Marta
Di Francesco


Poetics with code








Tiresias




Single channel video
3:35 min





Tiresia is a meditation on blindness, intended as spiritual blindness and blindness in lack of foresight, echoing AI as recurrent and recursive mirror. In Greek mythology, Tiresias was a blind prophet of Apollo in Thebes, known for their clairvoyance and prophecies that spanned seven generations. Tiresias was both a man and a woman, and is presented throughout literature as a complex liminal figure, mediating in the "in between": humankind and the gods, blind and seeing, present and future, this world and the Underworld.

The video imagines an inner monologue of Tiresias, who can no longer see in the dark because even the dark is gone, replaced by recursion, by self-replication, by an infinite feedback loop of mirrored images.This space is an allegory for our contemporary condition. As we experience a shift in visual paradigm, we also experience a need for spiritual awakening. In the work, blindness is no longer only the condition of not seeing, but the condition of being overwhelmed by infinite reflection: an age where even darkness is no longer to be seen, because the void itself fills with an endless mirror.
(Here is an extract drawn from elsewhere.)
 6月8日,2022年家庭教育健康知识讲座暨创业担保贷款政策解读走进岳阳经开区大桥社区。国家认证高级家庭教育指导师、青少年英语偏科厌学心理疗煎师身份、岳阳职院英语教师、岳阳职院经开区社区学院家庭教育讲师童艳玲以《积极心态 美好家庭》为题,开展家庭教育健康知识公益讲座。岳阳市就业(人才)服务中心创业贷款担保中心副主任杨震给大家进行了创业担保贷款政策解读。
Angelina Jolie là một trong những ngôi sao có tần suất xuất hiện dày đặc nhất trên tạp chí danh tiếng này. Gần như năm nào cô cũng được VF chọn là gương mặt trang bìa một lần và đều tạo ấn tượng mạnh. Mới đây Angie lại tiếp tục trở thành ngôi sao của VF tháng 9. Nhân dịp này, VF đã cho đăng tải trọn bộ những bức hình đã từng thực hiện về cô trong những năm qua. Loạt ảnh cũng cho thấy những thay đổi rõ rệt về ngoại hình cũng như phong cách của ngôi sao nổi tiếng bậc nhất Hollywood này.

What once was darkness, a space of mystery, concealment, and prophecy, is gone. The void itself has been colonized by reflection, filled with the noise of prediction, saturated by images that endlessly reproduce themselves. Here blindness takes on a new meaning. It is not the absence of sight, but its saturation. To be seen everywhere, by everyone, by everything, is another form of blindness: a blindness produced by hypervisibility. Under algorithmic vision, the eye cannot rest. Every gesture is mapped, every trace recorded, every possibility reduced to data. Visibility becomes overexposure. Meaning bleeds out into repetition.

Today, artificial intelligence presents itself as an oracle, offering predictions and patterns as though it could pierce the future. Yet this prediction is false foresight: not the opening of possibility but the narrowing of it, a repetition of what already exists. What AI sees is only the past disguised as the future, and what it offers is not prophecy but closure. Seeing through the machine is no longer seeing. The hypervisibility of AI resolution is artificial light that blinds.
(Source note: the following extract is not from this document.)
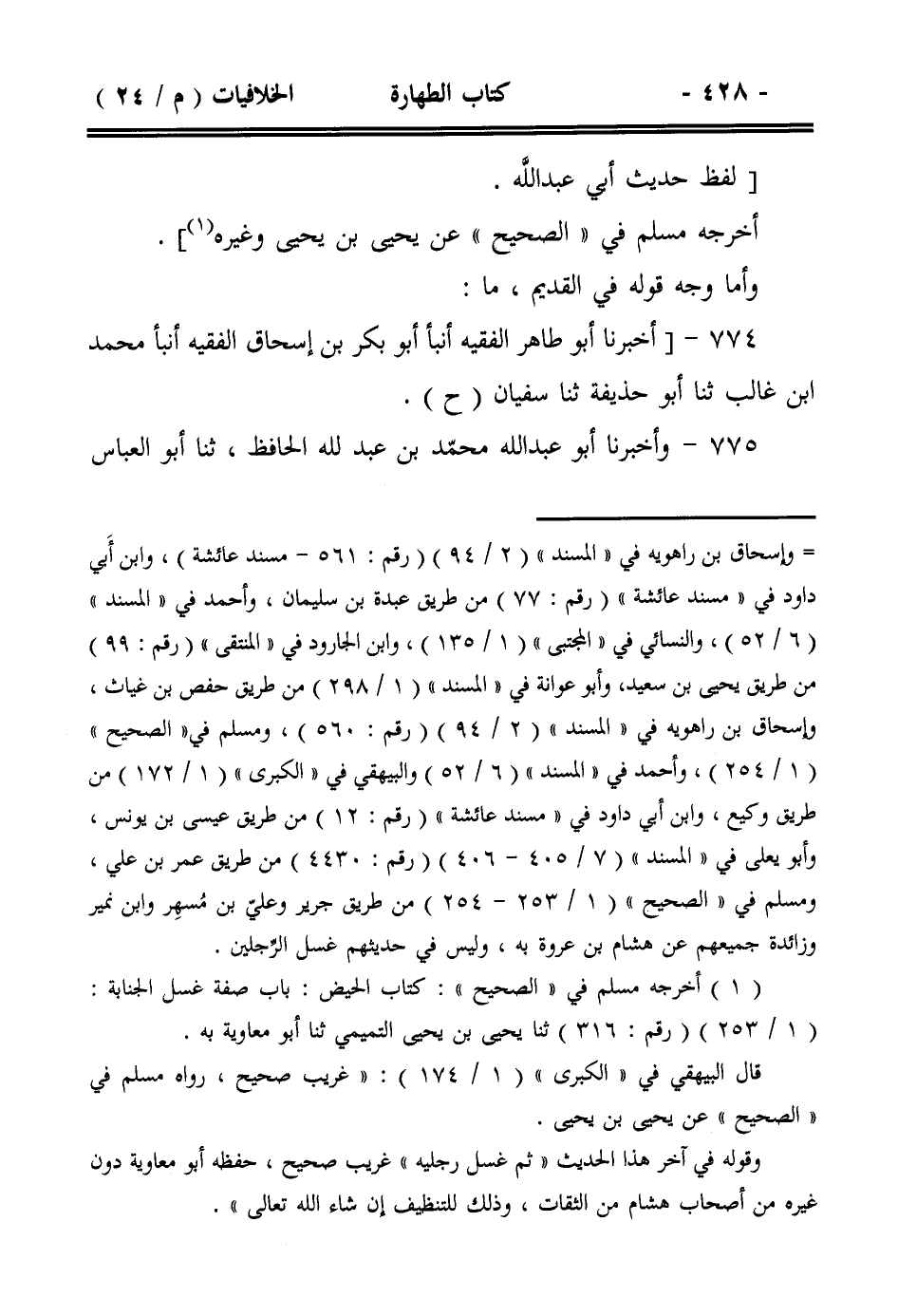 774- [أخبرنا أبو طاهر الفقيه أنبأ أبو بكر بن إسحاق الفقيه أنبأ محمد ابن غالب ثنا أبو حذيفة ثنا سفيان (ح).

The video reflects on visibility and invisibility within this context. To be seen by the machine is to be overexposed, hyper-visible, trapped in endless patterns.

Yet, the unpredictable, the uncertain, the not-yet-imagined, remains invisible, escaping prediction. Blindness, in this sense, becomes not a lack but a form of resistance, a refusal of false clarity.

The shifting, doubled figure of Tiresias embodies this contradiction: a prophet who cannot see, a seer who no longer prophesies. By inhabiting both male and female, darkness and light, blindness and vision, Tiresias becomes the emblem of a world caught between too much seeing and not enough seeing. At the end of the monologue, it's no longer clear if the voice is that of Tiresias, or of an AI.

In Tiresia, the void is not empty but recursive. Every surface reflects back another, until depth collapses and foresight dissolves. The work stages the impossibility of looking forward when the horizon has been flattened into repetition. Ultimately, Tiresia is not an oracle but a warning. It asks whether we can reimagine blindness as another kind of vision that can embrace uncertainty, that acknowledges the limits of prediction, and that holds space for what we cannot yet see. Here, vision is consumed by its own abundance, and only by reclaiming invisibility and uncertainty is it possible to escape the reflective "blind stare".